Робот ударился о невидимую преграду и замер. К нему подскочил неизвестно где бывший до того растяпа-техник, открыл панель на металлической груди и вынул двигательный блок.
— Ради бога, извините, джентльмены! — оправдывался он. — Глазам своим поверить не могу, никогда с моими роботами такого не случалось!
— Вы здесь как раз затем, чтобы подобное не случалось вообще! — ледяным тоном заметил Холмс, и мы вошли в музей.
— Холмс! — возбужденно произнес я. — Это наверняка неспроста!
— Возможно. — Холмс не стал развивать тему. — Во всяком случае, застать нас врасплох не удалось.
Знакомый робот-служитель по-прежнему разъезжал в зале, где был выставлен денебский кристалл. Холмс показал служителю снимки Боуэна и Эмери, незаметно сделанные мной во время нашей единственной встречи.
— Этого господина я видел в музее дважды, — сказал робот, взглянув на снимок Боуэна.
— До четвертого мая или после? — поинтересовался Холмс.
— После.
— Он подходил к кристаллу?
— Подходил, но надолго не задерживался.
— А второе лицо тебе знакомо?
— Нет, сэр.
— Кстати, долго ли еще здесь будет экспонироваться денебский кристалл?

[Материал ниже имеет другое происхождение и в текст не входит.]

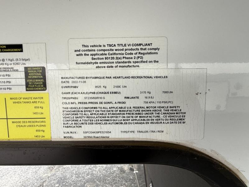 Used 2023 Heartland Road Warrior 397 Toy Hauler Fifth Wheel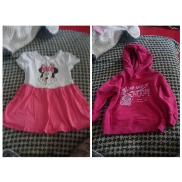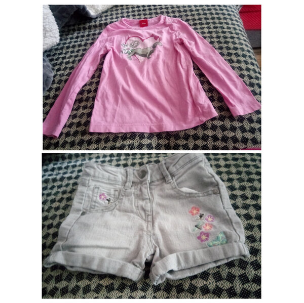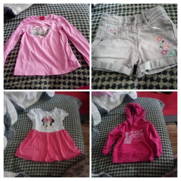 4 tlg. Mädchen Kleidungspaket Gr. 86/92, Short Ernstings Gr. 86, Hoodie Ergee Gr. 86, s.oliver Shirt Gr. 86 und Kleidchen Disney 92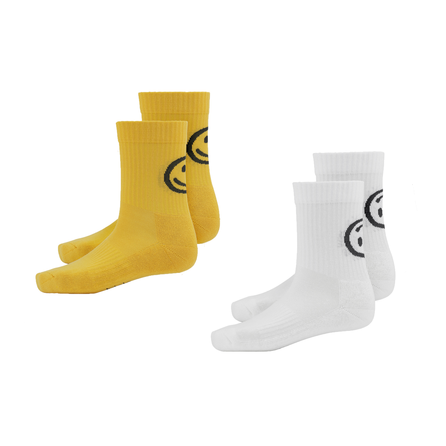 Två par sportiga strumpor i ribb. Det ena paret är gula och det andra vita med en stor smiley på skaftet.

— Сожалею, сэр, но через два дня музей временно закрывается. Я сам узнал об этом только сегодня.
— Вот как? А причина?
— Не могу знать, сэр. Таково распоряжение директора.
Мы отправились к директору, но вразумительного ответа от него не добились. Он ссылался на какие-то туманные обстоятельства и намекал, что сам является человеком подневольным.

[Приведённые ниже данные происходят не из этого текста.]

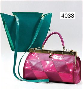Konv. 70er Jahre, ausgef. Damenhandtachen, 1 x Messingfarbene Beschläge, verschließbar, pink/lila Karomuster, Innenfutter beige, 30 cm breit, 28 cm hoch, dazu ausgef., Tasche, Trichterform, Wildledereinsatz, 31 cm breit, 1 langer Trageriemen, Innenfutter Wildleder, schöner Zust.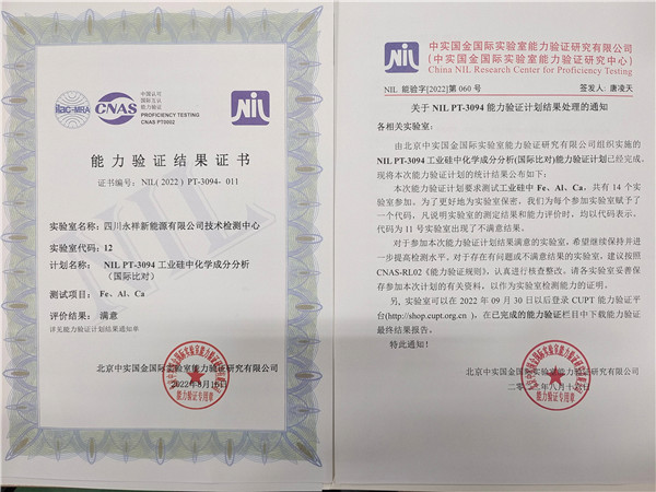永祥新能源榮獲工業(yè)硅粉能力驗(yàn)證證書

— Подведем некоторые итоги, — сказал Холмс, когда мы вновь оказались на улице. — Боуэн здесь был. По-видимому, он незаметно для служителя и установил возле кристалла приборы наблюдения. Но уже после того, как в музее побывал Иглтон. Очевидно, узнав из газеты о «чудачестве» профессора, Боуэн, как и мы, связал одно с другим и решил, что тот, кто пойдет по следу Иглтона, непременно окажется возле денебской диковины.

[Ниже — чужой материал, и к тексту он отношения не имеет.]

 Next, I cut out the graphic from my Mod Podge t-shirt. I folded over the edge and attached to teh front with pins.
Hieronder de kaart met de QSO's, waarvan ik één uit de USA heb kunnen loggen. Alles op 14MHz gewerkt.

— Вот видите, — сказал я, — выходит, что Иглтона запрограммировал все-таки не Боуэн!
— Я, как и вы, почти не сомневался в этом, Ватсон! Но любая догадка требует подтверждения фактами. Что же касается скорого закрытия музея, то это, вероятно, заслуга «Суон Минералз». Только могучая и влиятельная компания может оказать такое давление на государственное учреждение. Вероятно, боссы «Суон Минералз», прочитав заметку Эмери, забеспокоились и решили под надуманным предлогом изъять кристалл из экспозиции. А может, и еще кое-что. Иначе зачем закрывать целый музей?
— Так как же мы поступим, Холмс?
— Подождем до завтра, Ватсон! Полагаю, мы закончим это дело раньше, чем кристалл исчезнет из музея.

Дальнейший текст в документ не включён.